Но сейчас метод не сработал. Слишком внезапно все нахлынуло. Он не мог сосредоточиться. Зачем-то вспомнил продавщицу тетю Сашу, свою дешевую съемную комнатенку с мягкой кроватью, с письменным столом, старый ковер с оранжевыми оленями на стене. И, конечно, вспомнил ЕЕ. Пусть теперь все остается как есть. Он уходит, растворяется, как и мечтал, в питательном перегное, в пустынном болотистом месте, на северном краю плоской базальтовой плиты.
40
Под утро, когда ветер стих и вода повернула обратно, вышла из-за туч полная луна и осветила отраженным светом потопленный город. Теперь-то стало ясно, что это и есть настоящая северная Венеция — холодная, неживая. Ровно горели свечи Васильевского острова, за ними, чуть левее, мерцали красные огоньки телецентра, правее блестел Петропавловский крест, а все остальное, бледное, неживое, лежало вдоль горизонта плоским графическим изображением. От Исаакия до Медного Всадника пролегла серебристая лунная дорожка, которую то и дело пересекали всевозможные плавучие вещества, подхваченные архимедовой силой.
Соня и старик сошли с лошади и сидели на покатом горбу гранитной волны. Старик уснул. А до этого кричал, вопил, нес какую-то чепуху, нарочно коверкая слова. Кричал что-то про стихию, про истоки, про политическую близорукость, грозил кому-то в черное небо, потрясая кулаком, то и дело дергал Соню, не давая ей замерзнуть и не пуская ее обратно в холодный мутный поток.
— Ета город Петровича! — тыкал он в хлюпающие кварталы. — Он его направленным взрывом построил, во!

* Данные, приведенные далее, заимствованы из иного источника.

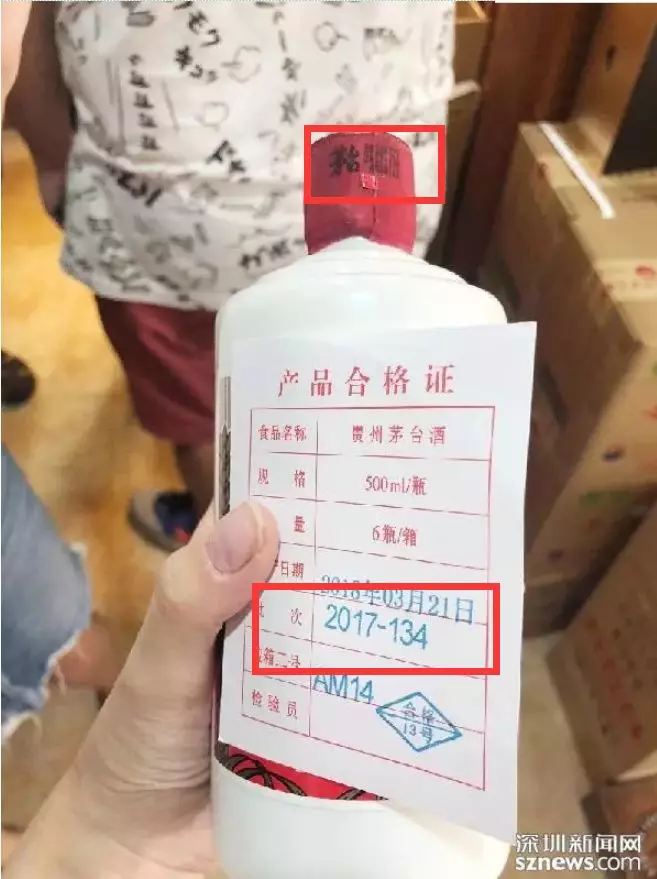 执法人员支招,从以下方法入手:一般每箱茅台都有对应的产品合格证,合格证上有相关批次数字,如果合格证上的批次数字与茅台开口处所写的批次一样的话,为真茅台概率很高。如图,合格证和茅台瓶口的数字皆为2017-134,为真酒,市民可放心饮用。

И все в таком роде. Соня молчала. Она оцепенела от страха и холода. Вначале она все порывалась куда-то бежать или плыть (мимо изредка проносило мусорные ящики, а в них кричали какие-то люди), а теперь окончательно застыла. Казалось, никакая сила не способна вывести ее из тяжелого бездумного состояния. Было какое-то страшное несоответствие между ее равнодушным горьким покоем и зверским выражением выпученных безумных глаз всадника, вздыбившего железного зверя в шаткое неустойчивое положение.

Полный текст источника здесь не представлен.